*Exercise brief*: Find "set med örhängen" and "We’re Lauren and" in the records below. Copy the lines holding them and every line between, exactly, and no others.

*Data for analysis*:
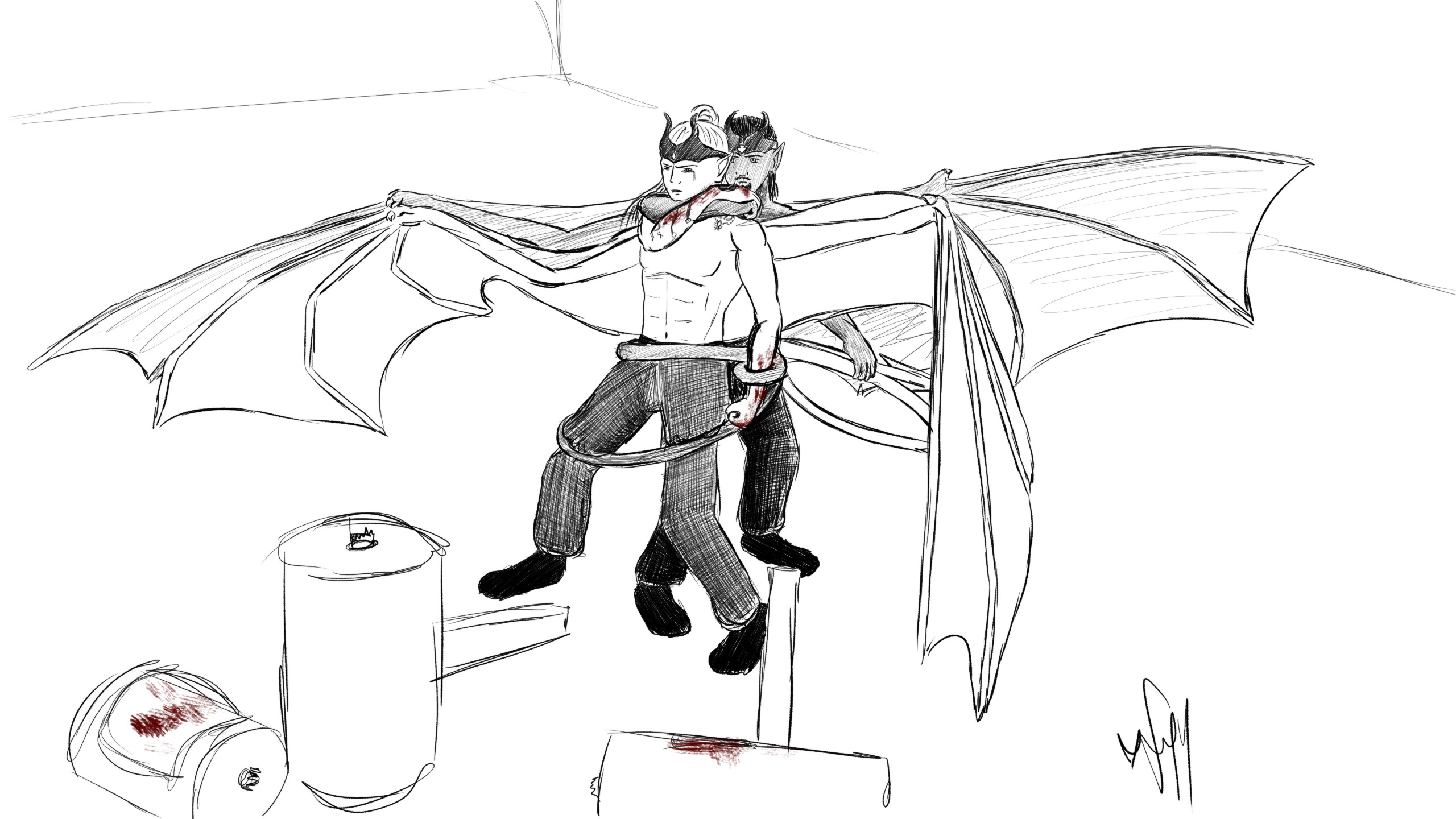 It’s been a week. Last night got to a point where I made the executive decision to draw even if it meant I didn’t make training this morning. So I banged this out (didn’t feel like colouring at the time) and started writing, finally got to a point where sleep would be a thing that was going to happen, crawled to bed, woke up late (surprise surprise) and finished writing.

...

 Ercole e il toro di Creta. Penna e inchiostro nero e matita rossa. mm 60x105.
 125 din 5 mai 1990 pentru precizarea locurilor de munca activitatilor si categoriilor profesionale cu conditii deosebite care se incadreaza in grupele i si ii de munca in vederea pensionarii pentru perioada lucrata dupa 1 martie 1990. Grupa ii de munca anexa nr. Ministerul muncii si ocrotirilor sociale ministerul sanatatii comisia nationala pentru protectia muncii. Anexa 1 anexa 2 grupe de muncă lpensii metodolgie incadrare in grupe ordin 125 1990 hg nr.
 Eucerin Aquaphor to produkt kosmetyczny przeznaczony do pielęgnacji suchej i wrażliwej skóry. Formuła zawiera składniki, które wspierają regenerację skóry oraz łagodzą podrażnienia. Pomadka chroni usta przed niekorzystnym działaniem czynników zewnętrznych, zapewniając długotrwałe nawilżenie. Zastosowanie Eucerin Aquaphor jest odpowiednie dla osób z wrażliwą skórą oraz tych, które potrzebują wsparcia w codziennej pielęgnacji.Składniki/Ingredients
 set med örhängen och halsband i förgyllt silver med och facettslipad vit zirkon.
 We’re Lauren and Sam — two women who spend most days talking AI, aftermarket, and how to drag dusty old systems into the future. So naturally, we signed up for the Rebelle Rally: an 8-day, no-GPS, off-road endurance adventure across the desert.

*Written answer*:
 set med örhängen och halsband i förgyllt silver med och facettslipad vit zirkon.
 We’re Lauren and Sam — two women who spend most days talking AI, aftermarket, and how to drag dusty old systems into the future. So naturally, we signed up for the Rebelle Rally: an 8-day, no-GPS, off-road endurance adventure across the desert.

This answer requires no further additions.